• **What to work on**
Read through the data, and wherever a line holds the word "with", write that line out.

• **Extracted information**
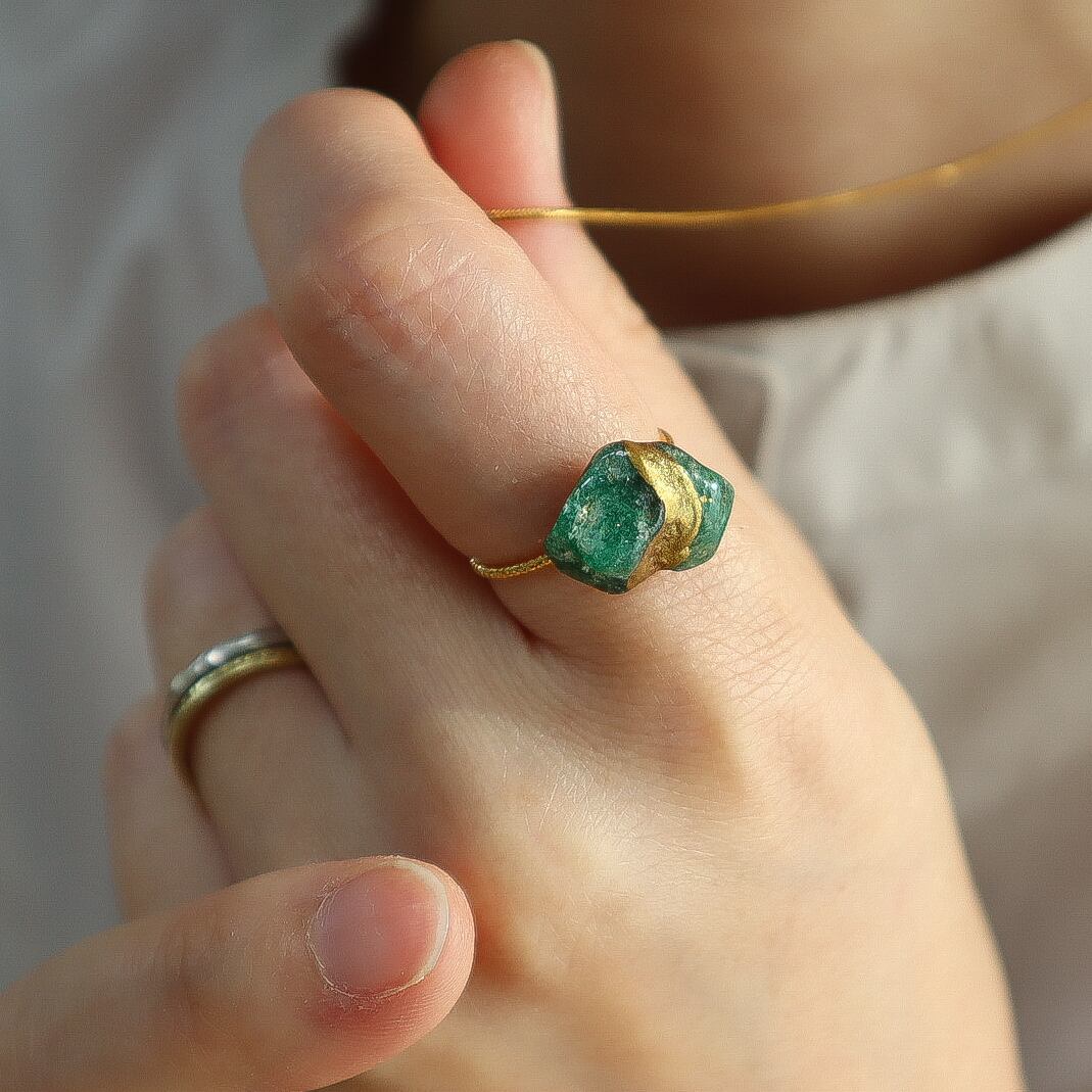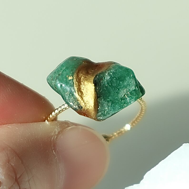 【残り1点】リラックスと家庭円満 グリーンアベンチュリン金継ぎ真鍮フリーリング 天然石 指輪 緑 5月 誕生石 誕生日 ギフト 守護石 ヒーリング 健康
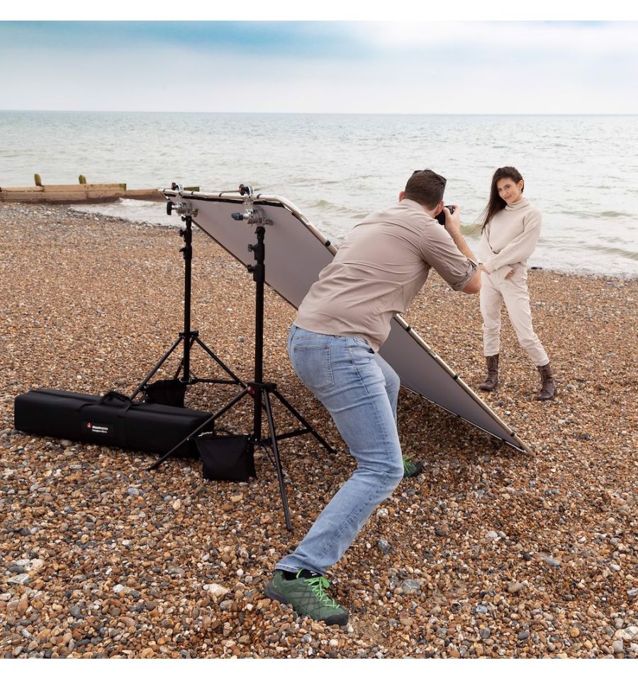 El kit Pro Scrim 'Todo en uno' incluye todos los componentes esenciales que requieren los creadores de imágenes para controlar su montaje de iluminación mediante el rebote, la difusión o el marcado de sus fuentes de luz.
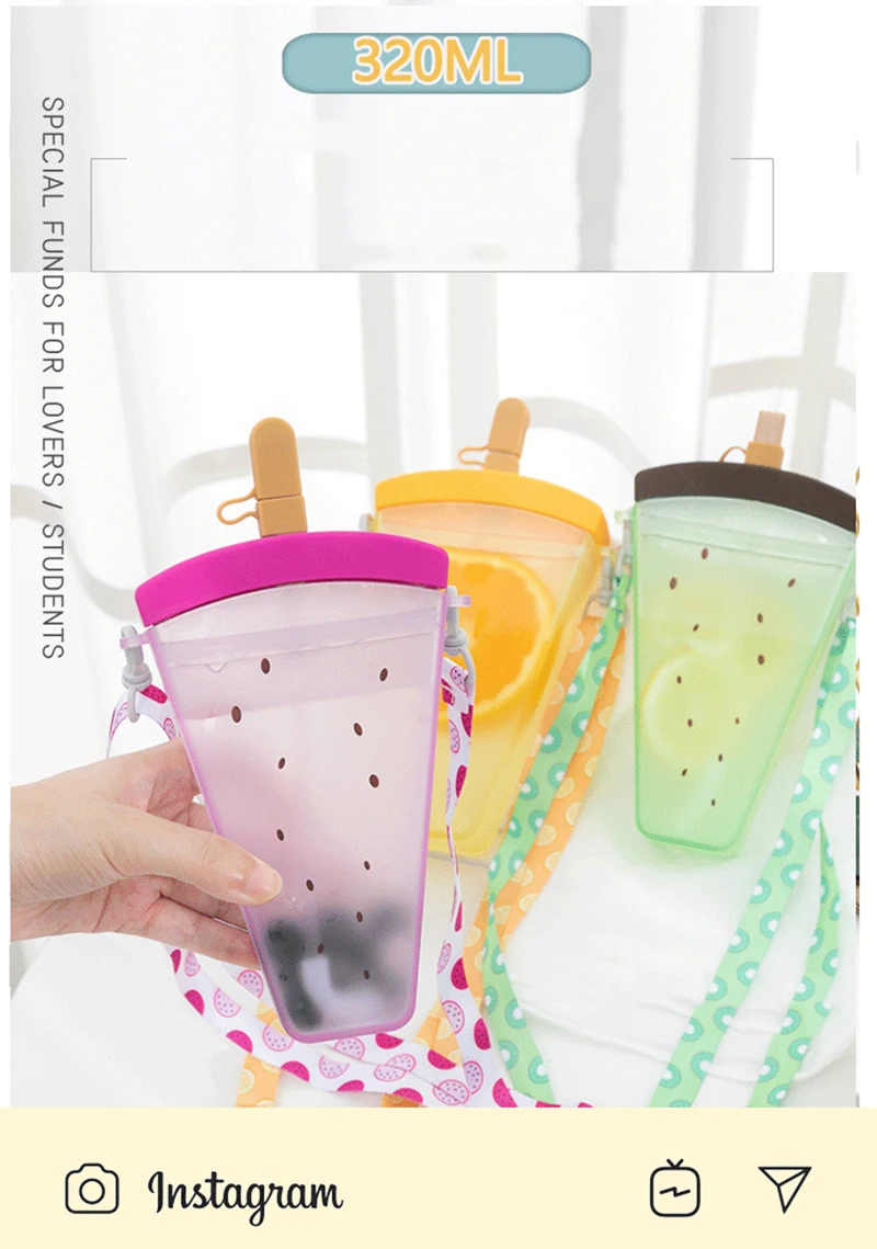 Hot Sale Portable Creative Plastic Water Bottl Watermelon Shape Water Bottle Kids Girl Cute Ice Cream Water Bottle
---
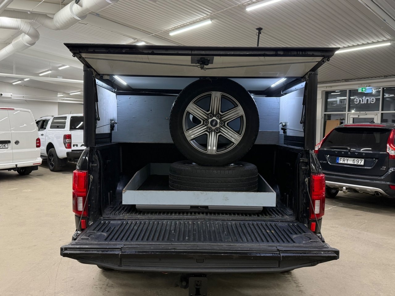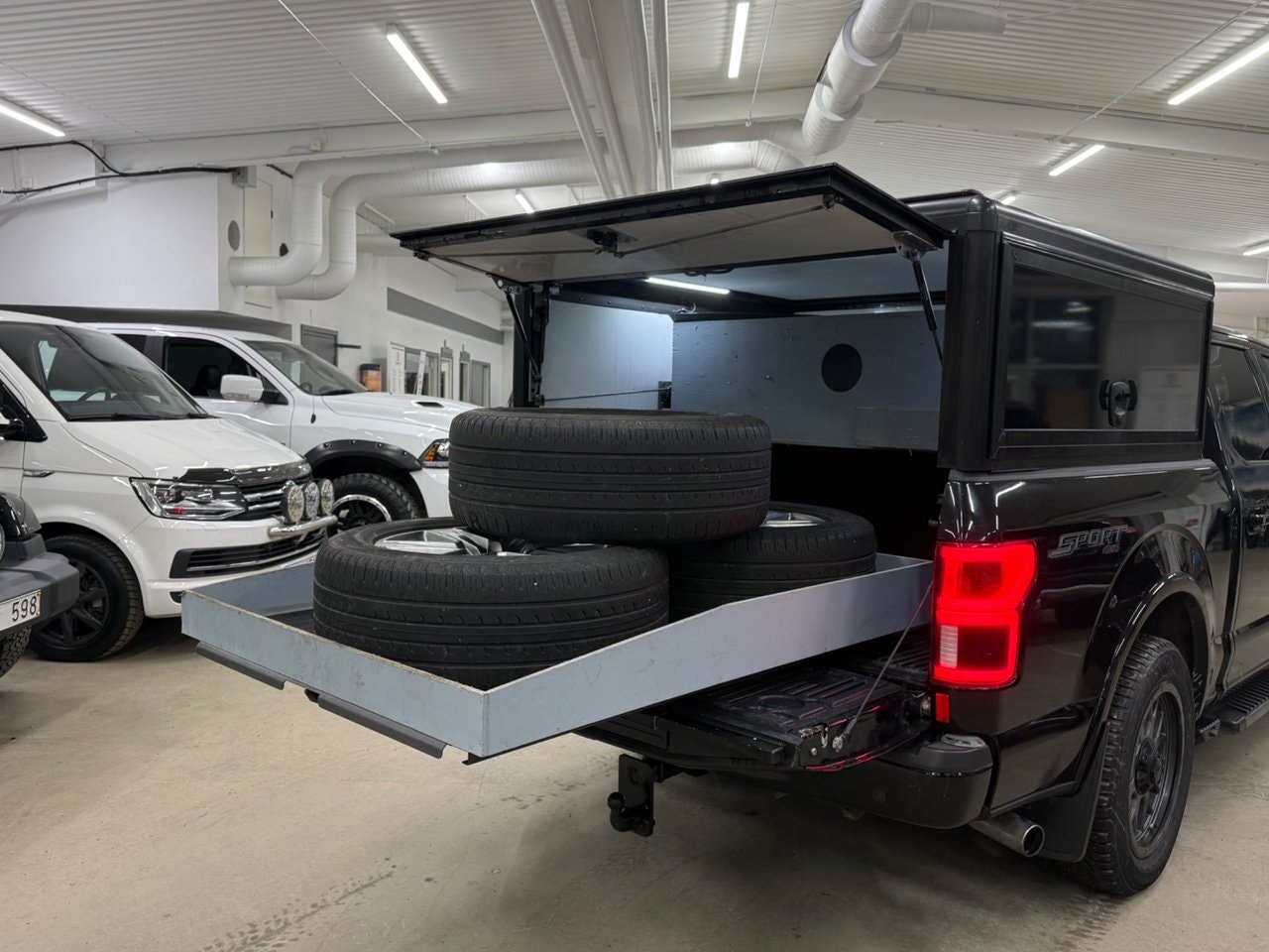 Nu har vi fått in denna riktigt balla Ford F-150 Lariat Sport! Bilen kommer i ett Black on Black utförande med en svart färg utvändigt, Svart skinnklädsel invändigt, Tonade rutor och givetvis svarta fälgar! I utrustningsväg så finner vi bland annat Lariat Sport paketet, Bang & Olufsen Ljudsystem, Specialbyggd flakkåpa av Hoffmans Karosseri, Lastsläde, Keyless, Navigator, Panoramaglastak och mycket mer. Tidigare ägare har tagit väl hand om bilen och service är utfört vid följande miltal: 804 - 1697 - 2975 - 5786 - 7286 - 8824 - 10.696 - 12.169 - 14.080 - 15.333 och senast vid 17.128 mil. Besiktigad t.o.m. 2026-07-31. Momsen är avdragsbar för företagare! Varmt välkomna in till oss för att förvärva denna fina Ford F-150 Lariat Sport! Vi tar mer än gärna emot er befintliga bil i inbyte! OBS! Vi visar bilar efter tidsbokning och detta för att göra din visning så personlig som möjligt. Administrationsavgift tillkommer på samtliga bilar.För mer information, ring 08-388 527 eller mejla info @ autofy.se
==
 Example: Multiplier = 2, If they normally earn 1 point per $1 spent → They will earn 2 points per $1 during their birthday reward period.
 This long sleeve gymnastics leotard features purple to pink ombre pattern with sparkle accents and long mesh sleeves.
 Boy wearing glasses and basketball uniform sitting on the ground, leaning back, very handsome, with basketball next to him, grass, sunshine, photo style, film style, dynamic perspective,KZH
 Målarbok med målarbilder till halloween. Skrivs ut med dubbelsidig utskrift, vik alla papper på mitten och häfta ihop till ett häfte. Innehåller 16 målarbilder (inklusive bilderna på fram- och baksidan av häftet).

• **Solution to the problem**
 This long sleeve gymnastics leotard features purple to pink ombre pattern with sparkle accents and long mesh sleeves.
 Boy wearing glasses and basketball uniform sitting on the ground, leaning back, very handsome, with basketball next to him, grass, sunshine, photo style, film style, dynamic perspective,KZH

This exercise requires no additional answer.